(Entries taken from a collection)
--------------------

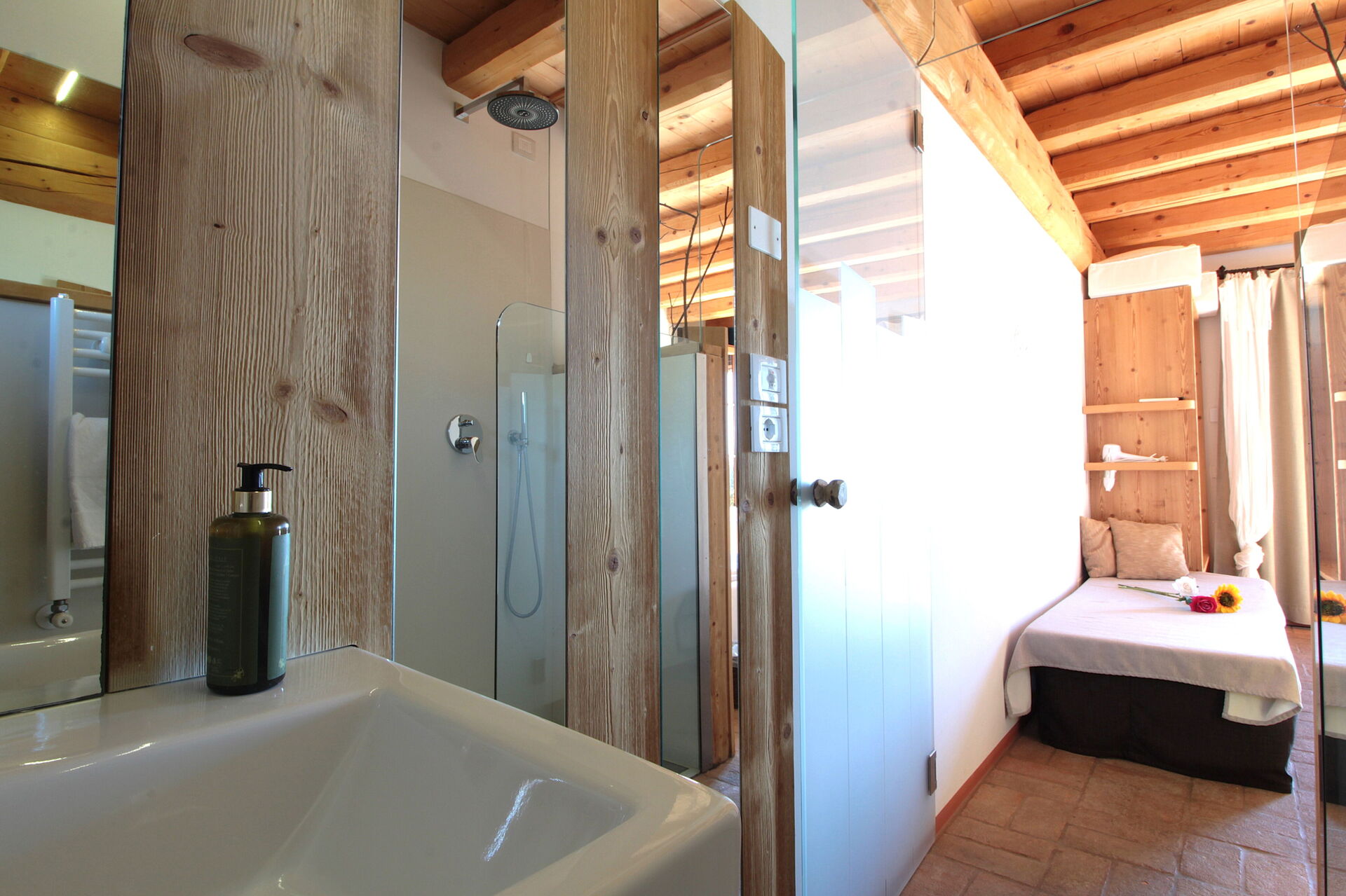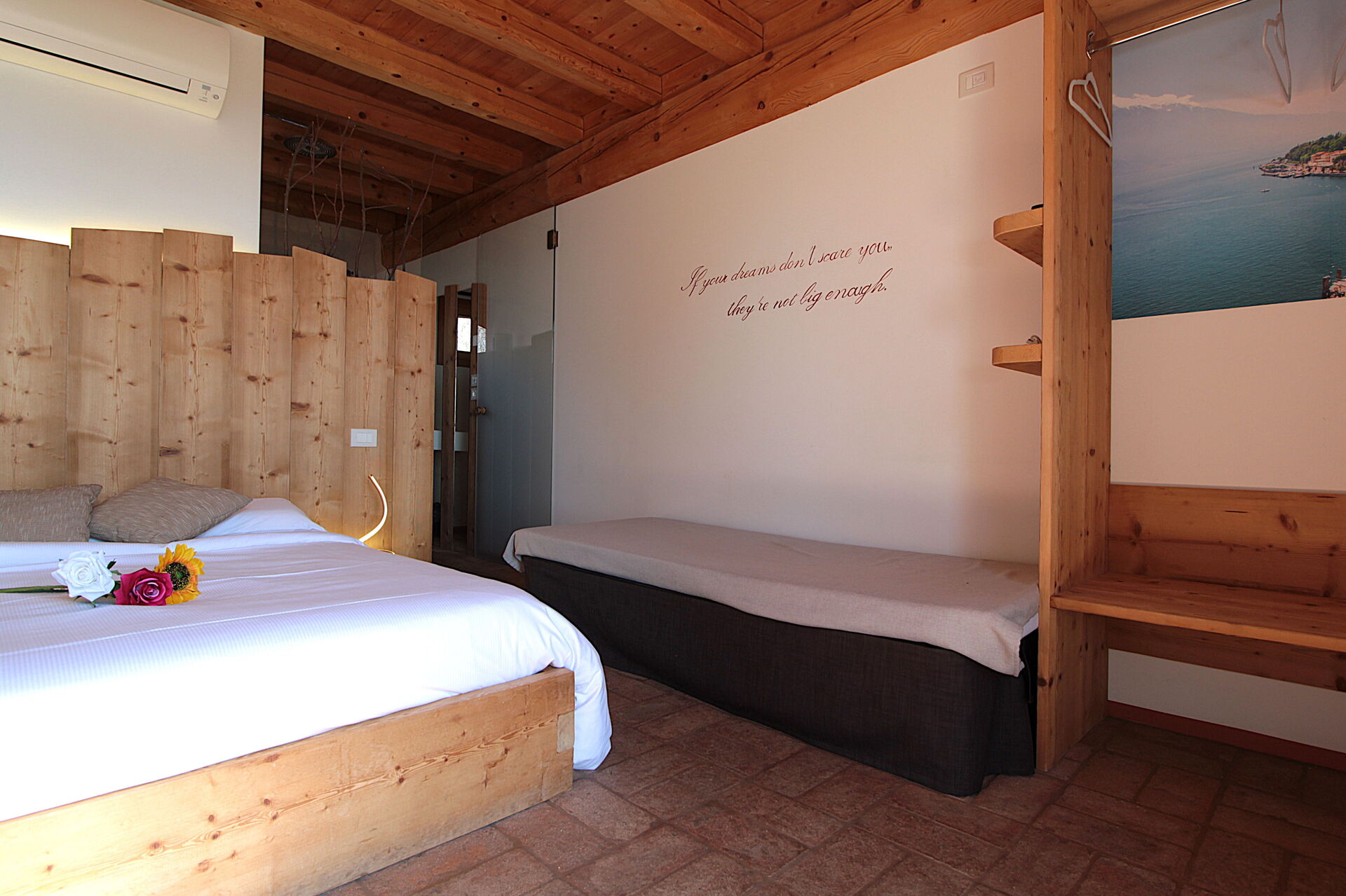 Habitación con baño 4: cama doble, cama individual, WIFI internet, aire acondicionado, televisión, lavabo, baño, bidé, ducha.
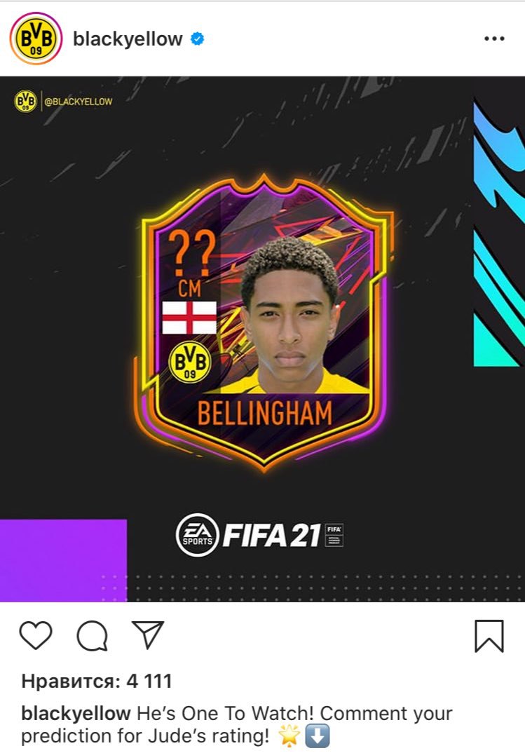 В официальном аккаунте «Боруссии Дортмунд» в инстаграм появилась карта OTW Джуда Беллингема в FUT 21
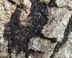 これは、ヨコヅナサシガメ(Agriosphodrus dohrni)というカメムシの一種の幼虫が、集団で越冬をしているところです。写真は、博物館の正面にあるクヌギの幹で撮影したものですが、桜の木で見られる事が多いようです。
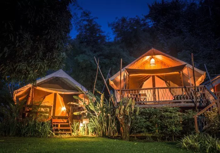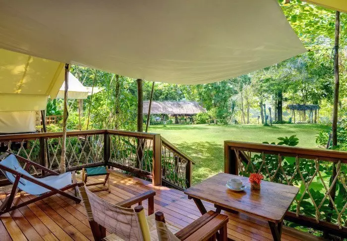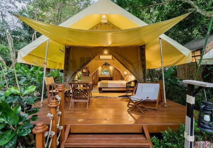 Leiren består av 38 luksuriøse lerretstelt på mellom 26 og 32 m² som er hevet en halv meter over bakken. Teltet har ordentlige senger, eget bad med varmt vann, hårtørker og toalettartikler samt egen veranda. Der kan du nyte stillheten og de frodige omgivelsene. Samtlige telt har dessuten Wi-Fi, aircondition, toalettbord/skrivebord, gratis mineralvann på flaske, kjøleskap og elektrisk kjele til te og kaffe. Etter klokken 22 skal det være stille i leiren – altså ingen høy musikk, kun jungelens lyder.
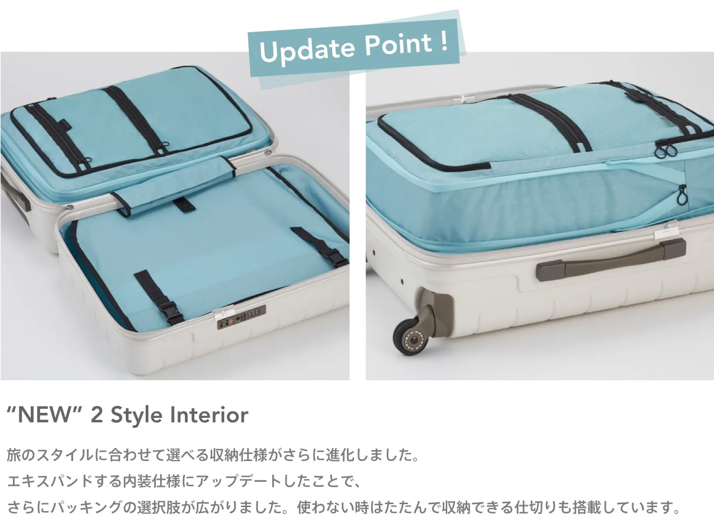 通常のスーツケースのように両面に荷物を分けて収納したり、片側を拡張させて集約させたり、スタイルに合わせて収納方法を選ぶことが可能。
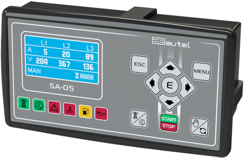 Простое и компактное решение для автоматической обработки генераторных установок и тепловых двигателей с монохромным ЖК-дисплеем. Он оснащен 10 кнопками для запуска/остановки и быстрого контроля основных функций, 6 яркими светодиодными сигналами, которые показывают аварии двигателя и статус системы, а также графическим дисплеем 128x64 пикселя монохромного черно-белого цвета с голубым подсветом, обеспечивающим отличную видимость и четкость. Этот контроллер измеряет до 2 трехфазных линий (частоту, активную мощность, реактивную мощность, видимую мощность, киловатт-час и угол сдвига фазы cosfi) и автоматически управляет сетевым обменом генератора и запуском генераторного агрегата. SA-05 также оборудован различными функциями, такими как управление обслуживанием двигателя, контроль и защита двигателя с автоматическим отключением и звуковым сигналом. Контроллер включает один порт RS232, один порт RS485 и одну линию CAN BUS в J1939 или CAN OPEN.
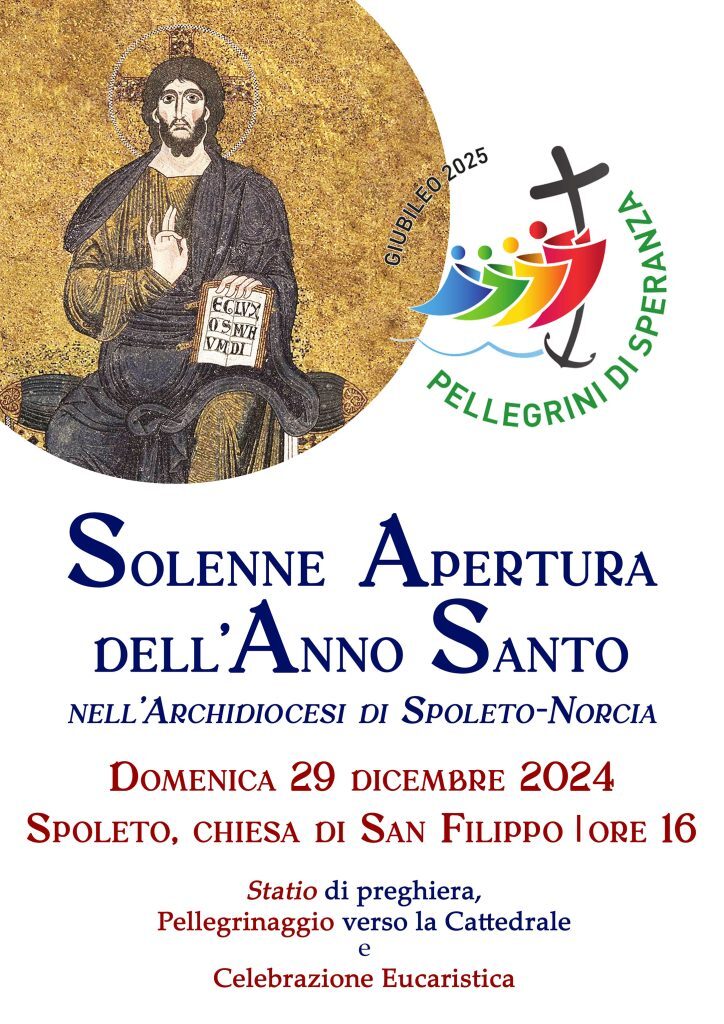 Domenica 29 dicembre 2024 alle ore 16.00 ciai terrà la solenne apertura dell’Anno Santo nell’ Archidiocesi di Spoleto-Norcia. Alle ore 16.00 Arcivescovo, presbiteri e fedeli sono convocati nella chiesa di S. Filippo Neri per la statio di preghiera; poi, ci si avvierà in pellegrinaggio verso la Cattedrale, dove mons. Boccardo presiederà la celebrazione Eucaristica.

--------------------

The records above, copied word for word without the pictures, are what should be output.

 Habitación con baño 4: cama doble, cama individual, WIFI internet, aire acondicionado, televisión, lavabo, baño, bidé, ducha.
 В официальном аккаунте «Боруссии Дортмунд» в инстаграм появилась карта OTW Джуда Беллингема в FUT 21
 これは、ヨコヅナサシガメ(Agriosphodrus dohrni)というカメムシの一種の幼虫が、集団で越冬をしているところです。写真は、博物館の正面にあるクヌギの幹で撮影したものですが、桜の木で見られる事が多いようです。
 Leiren består av 38 luksuriøse lerretstelt på mellom 26 og 32 m² som er hevet en halv meter over bakken. Teltet har ordentlige senger, eget bad med varmt vann, hårtørker og toalettartikler samt egen veranda. Der kan du nyte stillheten og de frodige omgivelsene. Samtlige telt har dessuten Wi-Fi, aircondition, toalettbord/skrivebord, gratis mineralvann på flaske, kjøleskap og elektrisk kjele til te og kaffe. Etter klokken 22 skal det være stille i leiren – altså ingen høy musikk, kun jungelens lyder.
 通常のスーツケースのように両面に荷物を分けて収納したり、片側を拡張させて集約させたり、スタイルに合わせて収納方法を選ぶことが可能。
 Простое и компактное решение для автоматической обработки генераторных установок и тепловых двигателей с монохромным ЖК-дисплеем. Он оснащен 10 кнопками для запуска/остановки и быстрого контроля основных функций, 6 яркими светодиодными сигналами, которые показывают аварии двигателя и статус системы, а также графическим дисплеем 128x64 пикселя монохромного черно-белого цвета с голубым подсветом, обеспечивающим отличную видимость и четкость. Этот контроллер измеряет до 2 трехфазных линий (частоту, активную мощность, реактивную мощность, видимую мощность, киловатт-час и угол сдвига фазы cosfi) и автоматически управляет сетевым обменом генератора и запуском генераторного агрегата. SA-05 также оборудован различными функциями, такими как управление обслуживанием двигателя, контроль и защита двигателя с автоматическим отключением и звуковым сигналом. Контроллер включает один порт RS232, один порт RS485 и одну линию CAN BUS в J1939 или CAN OPEN.
 Domenica 29 dicembre 2024 alle ore 16.00 ciai terrà la solenne apertura dell’Anno Santo nell’ Archidiocesi di Spoleto-Norcia. Alle ore 16.00 Arcivescovo, presbiteri e fedeli sono convocati nella chiesa di S. Filippo Neri per la statio di preghiera; poi, ci si avvierà in pellegrinaggio verso la Cattedrale, dove mons. Boccardo presiederà la celebrazione Eucaristica.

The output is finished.